Mais, parmi ceux qui savent et qui vont au fond des choses, cette croyance à une fortune, solide et inébranlable, commençait à être amoindrie.

A sa mort, le père de Constant Adeline avait laissé deux fils: Constant, l'aîné, chef de la maison d'Elbeuf, et Jean, le cadet, qui, au lieu de s'associer avec son frère, avait fondé à Paris une importante maison de laines en gros, si importante qu'elle avait des comptoirs de vente au Havre et à Roubaix, d'achat à Buenos-Ayres, à Moscou, à Odessa, à Saratoff. Celui-là n'avait que le nom des Adeline; en réalité, c'était un ambitieux et un aventureux; la fortune gagnée dans le commerce petit à petit lui paraissait misérable, il lui fallait celle que donne en quelques coups hardis la spéculation. S'il avait vécu, peut-être l'eût-il réalisée. Mais, surpris par la mort, il avait laissé de grosses, de très grosses affaires engagées qui s'étaient liquidées par la ruine complète—la sienne, celle de sa femme, celle de sa mère. A la vérité, elles pouvaient ne pas payer, mais alors c'était la faillite. Elles s'étaient sacrifiées et l'honneur avait été sauf. Pour acquitter ce lourd passif, la femme avait abandonné tout ce qu'elle possédait, et la mère, après avoir vendu ses propriétés et ses valeurs mobilières, s'était encore fait rembourser par son fils aîné la part qui lui revenait dans la maison d'Elbeuf. Constant eût pu résister à la demande de sa mère; en tout cas, il eût pu ne donner que la moitié de cette part; il l'avait donnée entière, autant par respect pour la volonté de sa mère que pour l'honneur de son nom qui ne devait pas figurer au tableau des faillites.

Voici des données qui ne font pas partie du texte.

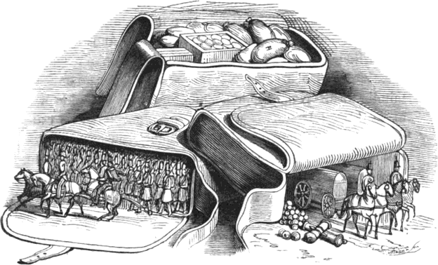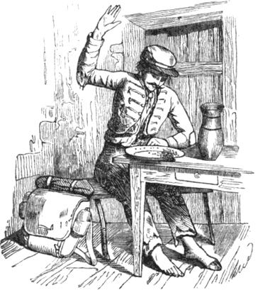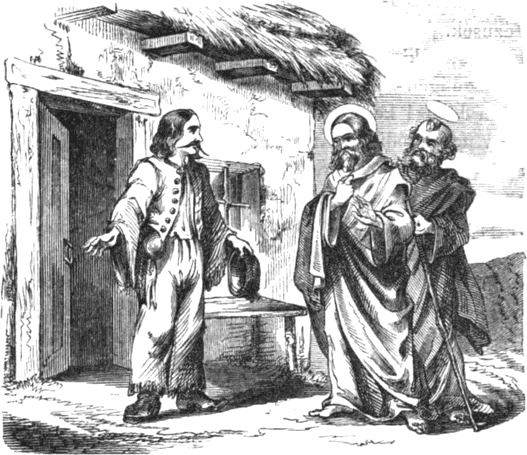 Élnek már most ők néhány hónapig együtt, s mondja egykor ebédnél az öreg király: vedd kezedhez az ország kormányzását, én már öreg vagyok, ohajtom a nyugodalmat. Feleli a dragonyosból lett király: jóllehet én már sokat próbáltam, de még esztendeig elmegyek próbálni valamerre. Eleget marasztalta felesége és az öreg király, de hasztalan volt kéréseik. Elbucsuzott mindkettejétől, megy ő már mendegél s beszáll egy vendégfogadóba, kér magának enni, inni. A kocsmáros -40- parancsolja mindjárt: Ignácz, hordj ebédet ennek az urnak. Feleli: mindjárt. Hordja ő az ételt, és nem látja a király, s kérdi a kocsmárostól: ki lenne az, a ki az ételt hordja. Mondja, hogy az inasa. Kérdi a király: mennyiért adná neki? Feleli: háromszáz aranyért. Mindjárt lefizette a király, és fölkelvén az ebédtől mondja: Ignácz, gyere, menjünk! Ő tehát megy és beszélgetnek együtt, s beestveledvén, találnak egy helyet, hol sok furmányosok kifogtak; itten mondja a király nekik: jó estvét! elfogadták és egyszersmind kérdi: megengedik-e neki, hogy itt velök meghálhasson. Miért ne? felelték. Itten mindjárt parancsol a király: hordj fát, Ignácz! rakj tüzet. A kereskedők és furmányosok senkit se láttak, hogy hordaná a fát és tüzet csinálna. Itten mondja egy: király, ez helyes szolga; hanem cseréljünk! mondja a kereskedő, nekem van egy tarisznyám, melyből, ha mondom, annyi katonaság masirozik ki, a meddig azt nem mondom, hogy elég. Itten megteszik a próbát; kinyitja a tarisznya száját és mondja: mars kifelé! Jön kifelé a sok katonaság, lovasság, gyalogság, mig csak nem mondotta, hogy elég. Ezután ismét parancsolja: mars befelé! és mind bemasiroztak. Ez megtetszett a királynak; tehát cseréltek; de mikor elváltak egymástól, a kereskedő nem mondotta: Ignácz, maradj nálam. Tehát mikor megy a király haza felé tarisznyájával, megéhezvén, monda: Ignácz, ha most itt volnál, be megenném, ha hoznál valamit. Hiszen itt vagyok. Hát nem mentél el a kereskedővel? Hiszen nem mondotta, hogy maradjak nála, én biz eljöttem. -41-

Un commerçant ne retire pas douze cent mille francs de ses affaires sans embarras et sans trouble, cependant Constant Adeline avait pu s'imposer cette saignée sans compromettre, semblait-il, la solidité de sa maison; s'il s'en trouvait un peu gêné, quelques bonnes années combleraient ce trou; il n'avait qu'à travailler.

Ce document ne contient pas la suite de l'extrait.